§ Input data
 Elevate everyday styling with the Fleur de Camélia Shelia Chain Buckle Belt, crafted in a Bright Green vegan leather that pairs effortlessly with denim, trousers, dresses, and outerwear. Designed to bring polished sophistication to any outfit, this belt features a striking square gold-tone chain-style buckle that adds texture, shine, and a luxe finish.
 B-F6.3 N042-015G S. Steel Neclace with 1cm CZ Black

* * *

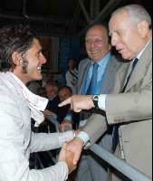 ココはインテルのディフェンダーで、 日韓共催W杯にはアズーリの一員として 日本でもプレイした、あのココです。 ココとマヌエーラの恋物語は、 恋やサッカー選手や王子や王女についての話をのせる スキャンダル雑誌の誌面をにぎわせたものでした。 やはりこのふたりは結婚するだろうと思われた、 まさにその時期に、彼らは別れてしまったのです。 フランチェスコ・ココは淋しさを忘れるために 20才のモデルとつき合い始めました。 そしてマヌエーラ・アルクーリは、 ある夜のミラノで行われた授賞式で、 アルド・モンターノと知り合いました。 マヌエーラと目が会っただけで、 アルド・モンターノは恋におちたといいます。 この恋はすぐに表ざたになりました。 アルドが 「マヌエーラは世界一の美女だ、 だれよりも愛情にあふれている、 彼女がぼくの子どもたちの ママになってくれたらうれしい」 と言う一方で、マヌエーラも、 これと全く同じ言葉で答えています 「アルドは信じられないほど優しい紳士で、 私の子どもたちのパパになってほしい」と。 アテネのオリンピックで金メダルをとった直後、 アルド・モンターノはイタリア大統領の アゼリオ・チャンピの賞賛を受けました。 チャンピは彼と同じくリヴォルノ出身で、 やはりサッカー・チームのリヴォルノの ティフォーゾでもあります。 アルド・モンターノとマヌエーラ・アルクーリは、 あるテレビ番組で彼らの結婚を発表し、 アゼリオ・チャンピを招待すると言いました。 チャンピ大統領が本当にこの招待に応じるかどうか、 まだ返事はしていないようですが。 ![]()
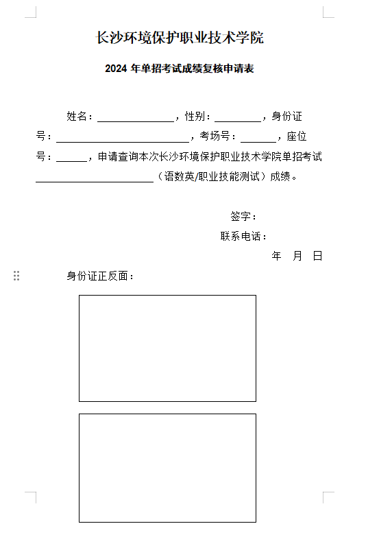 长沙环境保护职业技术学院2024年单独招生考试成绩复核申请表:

==

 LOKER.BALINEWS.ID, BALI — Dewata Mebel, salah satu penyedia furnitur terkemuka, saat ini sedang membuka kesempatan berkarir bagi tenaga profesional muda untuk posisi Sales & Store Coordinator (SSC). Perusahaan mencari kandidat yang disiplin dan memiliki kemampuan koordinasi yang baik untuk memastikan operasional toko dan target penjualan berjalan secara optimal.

§ Directions for this task
Look through the records and gather every line containing "with".

§ Reply
 Elevate everyday styling with the Fleur de Camélia Shelia Chain Buckle Belt, crafted in a Bright Green vegan leather that pairs effortlessly with denim, trousers, dresses, and outerwear. Designed to bring polished sophistication to any outfit, this belt features a striking square gold-tone chain-style buckle that adds texture, shine, and a luxe finish.
 B-F6.3 N042-015G S. Steel Neclace with 1cm CZ Black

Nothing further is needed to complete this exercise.